This record will use the following template according to its UnID (in red):

persio@dynaserver:~/CUS$ more SWL3-2
config t
!
vlan 996
desc Management VLAN
!
interface vlan 996
ip address IP_MGMT NEW_MASK
!
router ROUTING_PROCESS
network IP_MGMT 0.0.0.0 OSPF_AREA
!
! Trunk Configuration
TRUNK_DATA
! End trunk configuration
end
persio@dynaserver:~/CUS$

And when I run the script, this is the output file:

persio@dynaserver:~/CUS$ ./generate_config.sh test
reading test
persio@dynaserver:~/CUS$ more CONFIGS/SWL3-2/226-10_10_10_@-SWL3-2.txt
config t
!
vlan 996
 desc Management VLAN
!
interface vlan 996
 ip address 10.10.10.@ 255.255.255.128
!
router "ospf 10226"ESS
 network 10.10.10.@ 0.0.0.0 "area 0"
!
! Trunk Configuration
interface FastEthernet0/0
 switchport trunk allowed vlan add 996
! End trunk configuration
end
persio@dynaserver:~/CUS$

Details in blue are placeholder (on template) and replaced data (on output). Deatils in orange are unwanted characters that sed is including to the output file. I wanted to understand (1) why is it happening and (2) what can I do to prevent that?

edidataguy · July 28, 2009, 2:37pm

Well too many things in one go.
Lets split them.
Ragarding:

 
-e "s|CUR_MGMT_INT|$CUR_MGMT_INT|g"\
-e "s|CUR_MGMT_INT|$CUR_MGMT_INT|g"\
-e "s|CUR_MGMT_IP|$CUR_MGMT_IP|g"\
-e "s|CUR_MGMT_IP|$CUR_MGMT_IP|g"\

You need not call sed again and again.
As an example, the code can be as follows:

sed \
"s|HNAME|$HNAME|;   \
 s|REGION|$REGION|;  \
 s|SITE_ID|$SITE_ID|; \
.............."

In your case you don't need the "/G". Without it, the command will run faster.

ppucci · July 28, 2009, 2:51pm

edidataguy:

Well too many things in one go.
Lets split them.
Ragarding:
 
-e "s|CUR_MGMT_INT|$CUR_MGMT_INT|g"\
-e "s|CUR_MGMT_INT|$CUR_MGMT_INT|g"\
-e "s|CUR_MGMT_IP|$CUR_MGMT_IP|g"\
-e "s|CUR_MGMT_IP|$CUR_MGMT_IP|g"\
You need not call sed again and again.
As an example, the code can be as follows:
sed \
"s|HNAME|$HNAME|;   \
 s|REGION|$REGION|;  \
 s|SITE_ID|$SITE_ID|; \
.............."
In your case you don't need the "/G". Without it, the command will run faster.

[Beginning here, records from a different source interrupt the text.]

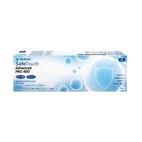 強度に優れる合成ゴム(ニトリルゴム)製で、全長400mmのロングカフ仕様なので、前腕部までを保護し感染性物質や化学物質による暴露リスクを低減します。 |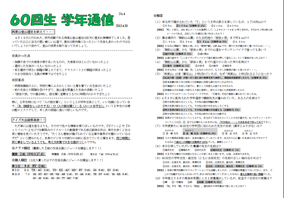 Web版ではイニシャルに置き換えていますが、生徒たちに手渡した印刷した紙の学年通信では本名を載せています。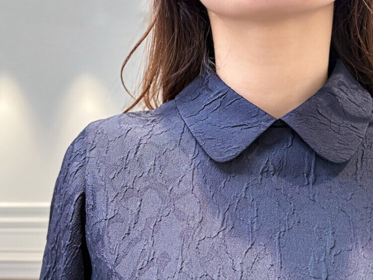 <ジャガードデザインスリーブブラウス>は、立体感のあるジャガード素材と、印象的なスリーブデザインが特徴の一枚です。シンプルな身頃に対して袖に表情を持たせることで、オールネイビーでも単調にならず、さりげない華やぎを演出します。きちんと感がありながらも女性らしさを感じさせ、スカートにもパンツにも合わせやすい万能なブラウスです。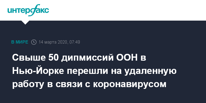 По словам одного из собеседников агентства, "в свете информации о первом случае заражения в дипкорпусе и последовавших решений генсекретаря ООН, касающихся отмены мероприятий и введения мер предосторожности из-за распространения коронавируса, представительства государств при Организации одно за одним стали отправлять своих сотрудников домой".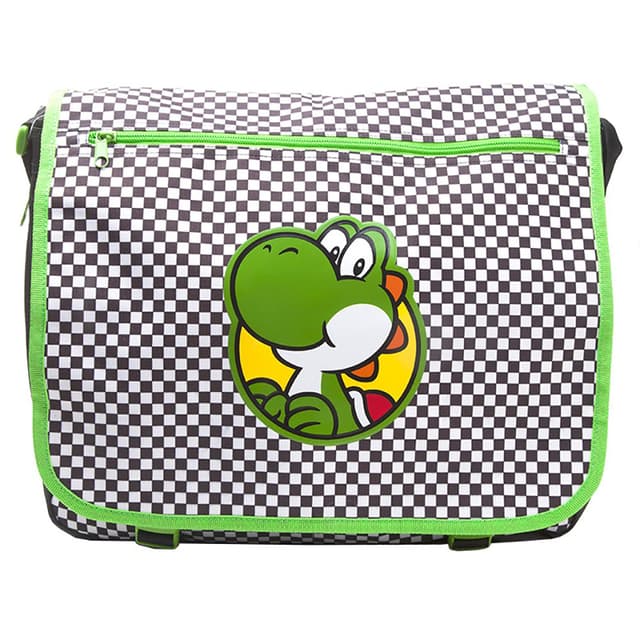 Ruudulliseen Nintendo Yoshi -olkalaukkuun mahtuu kannettava tietokone ja päivittäiset tavarat. Laukussa on useita vetoketjulla suljettavia taskuja ja säädettävä olkahihna.Tutustu ominaisuuksiin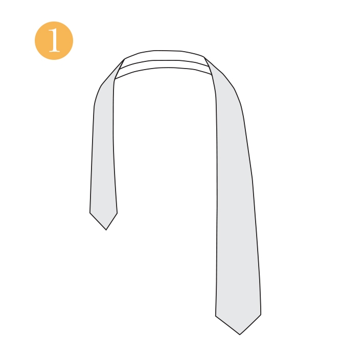 Start with the wide end of the tie on the right and the small end on the left. Slide the standing part of the rope over center of the loop. To start the noose knot wrap the working end over the standing end to form a 46 in 1015 cm loop.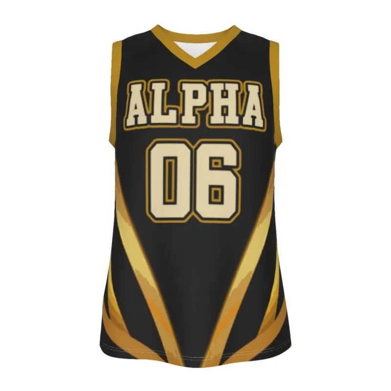 This Alpha Phi Alpha men’s basketball top brings athletic style to your wardrobe in signature black and old gold. The moisture-wicking polyester V-neck design works perfectly for step show practice, game day, or casual campus wear. From The D9 Standard—premium apparel for the Alphas.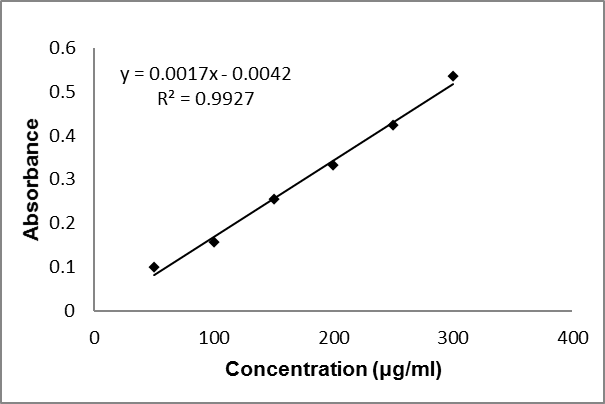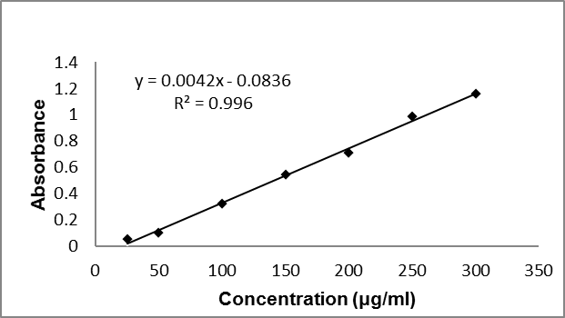 One g of air-dried powder of roots and stems of G. arborea was extracted with 100 ml methanol, water and ethyl acetate by maceration for 24 h and filtered. The final volume of each filtrate was adjusted to 100 ml. One ml of these extracts was diluted up to 10 ml with methanol and was used for the estimation of flavonoids. To 3 ml of the each extract, 3 ml of methanolic AlCl3 was added. After 10 min, the absorbance was read at 430 nm and distilled water was used as a blank. The data was compared with similarly prepared set of standard substance quercetin in concentration range of 25 µg to 300 µg per 25 ml. Total flavonoid content was calculated by the method described [42].

Ok, I'll give it a try without "-e" and "/g"... and for the duplicate replacements, already scraped them

---------- Post updated at 01:51 PM ---------- Previous update was at 01:43 PM ----------

tried... worked just fine... on this particular case, speed was not really an issue as the script ran for about 10 seconds or less (for a 950 records source file).

Will keep that in mind on my next scripts!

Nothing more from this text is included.